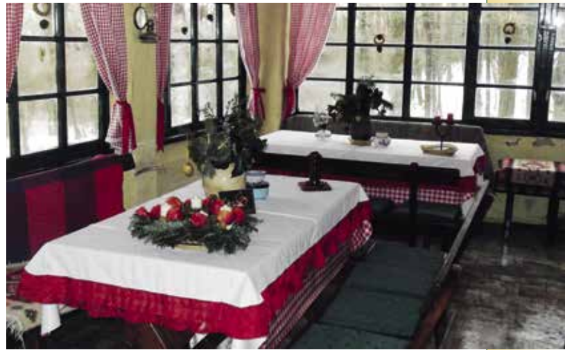
► A felújított Hubertus ház

Sokféle munka és kezdeményezés megtalált. Amikor a Helytörténeti Múzeumot szervezték, akkor megtaláltak, mint villanszerelőt. Édesapámmal és két barátunkkal együtt elmentünk és társadalmi munkában megcsináltuk az egész házban a villanszerelési munkákat, csak az anyagköltséget kértük. A Hősök terén álló Magyar kereszt felújításakor is megtaláltak, hogy tudnék-e segíteni. Szerencsére akkoriban pont egy díszműkovácsnál dolgoztam, és rajta keresztül sikerült elkészíttetni a mécsesstartót. Amikor megcsináltuk a keresztet, a kőfaragó mondott egy összeget, amire mondtuk neki, hogy az sok. Kérdezte, hogy mi mennyiért csináljuk. Semennyiért – válaszoltuk. A végén ő sem kért semmit, csak az anyagköltséget. Azóta minden adventkor mécseset gyűjtünk, feldíszítjük a keresztet és a környékét. Az elmúlt években a Hubertus házat, a volt Janda Vilmos kulcsosházat hoztuk rendbe társadalmi munkában. Kitakarítottuk az épületből az évek alatt felhalmozódott lomot, szemetet, és kívül-belül felújítottuk, berendeztük. Most hasonló a munka a Hősök terénél lévő Civil Háznál is, azt is szinte a semmiből kell felépíteni.
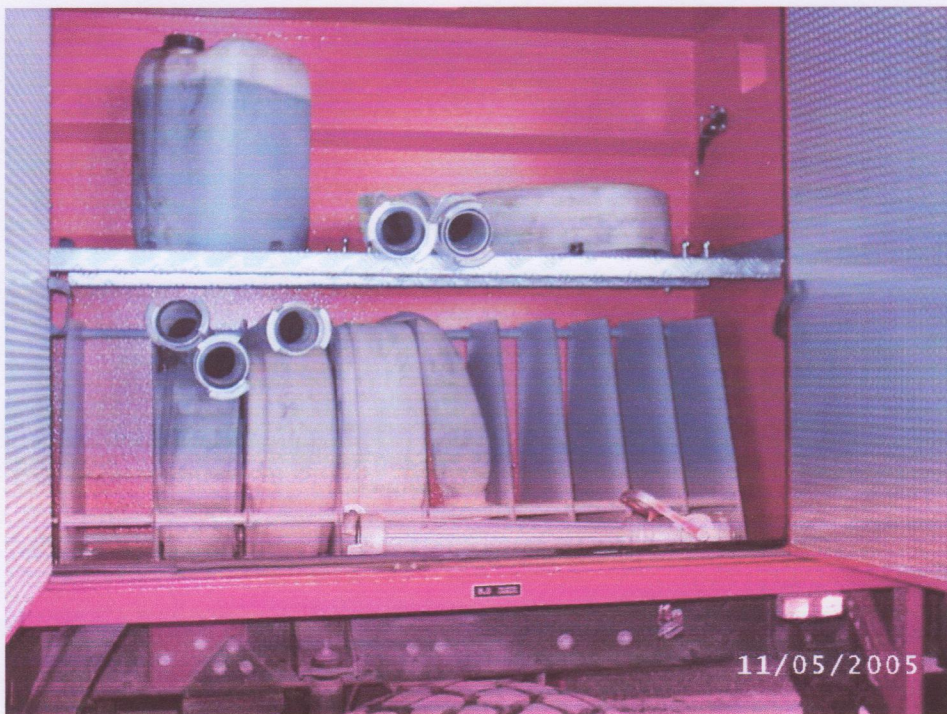
Coffre de l'unique engin de lutte contre l'incendie
--*--
Transcribe the listing above verbatim. No picture belongs in the result.

► A felújított Hubertus ház

Sokféle munka és kezdeményezés megtalált. Amikor a Helytörténeti Múzeumot szervezték, akkor megtaláltak, mint villanszerelőt. Édesapámmal és két barátunkkal együtt elmentünk és társadalmi munkában megcsináltuk az egész házban a villanszerelési munkákat, csak az anyagköltséget kértük. A Hősök terén álló Magyar kereszt felújításakor is megtaláltak, hogy tudnék-e segíteni. Szerencsére akkoriban pont egy díszműkovácsnál dolgoztam, és rajta keresztül sikerült elkészíttetni a mécsesstartót. Amikor megcsináltuk a keresztet, a kőfaragó mondott egy összeget, amire mondtuk neki, hogy az sok. Kérdezte, hogy mi mennyiért csináljuk. Semennyiért – válaszoltuk. A végén ő sem kért semmit, csak az anyagköltséget. Azóta minden adventkor mécseset gyűjtünk, feldíszítjük a keresztet és a környékét. Az elmúlt években a Hubertus házat, a volt Janda Vilmos kulcsosházat hoztuk rendbe társadalmi munkában. Kitakarítottuk az épületből az évek alatt felhalmozódott lomot, szemetet, és kívül-belül felújítottuk, berendeztük. Most hasonló a munka a Hősök terénél lévő Civil Háznál is, azt is szinte a semmiből kell felépíteni.
Coffre de l'unique engin de lutte contre l'incendie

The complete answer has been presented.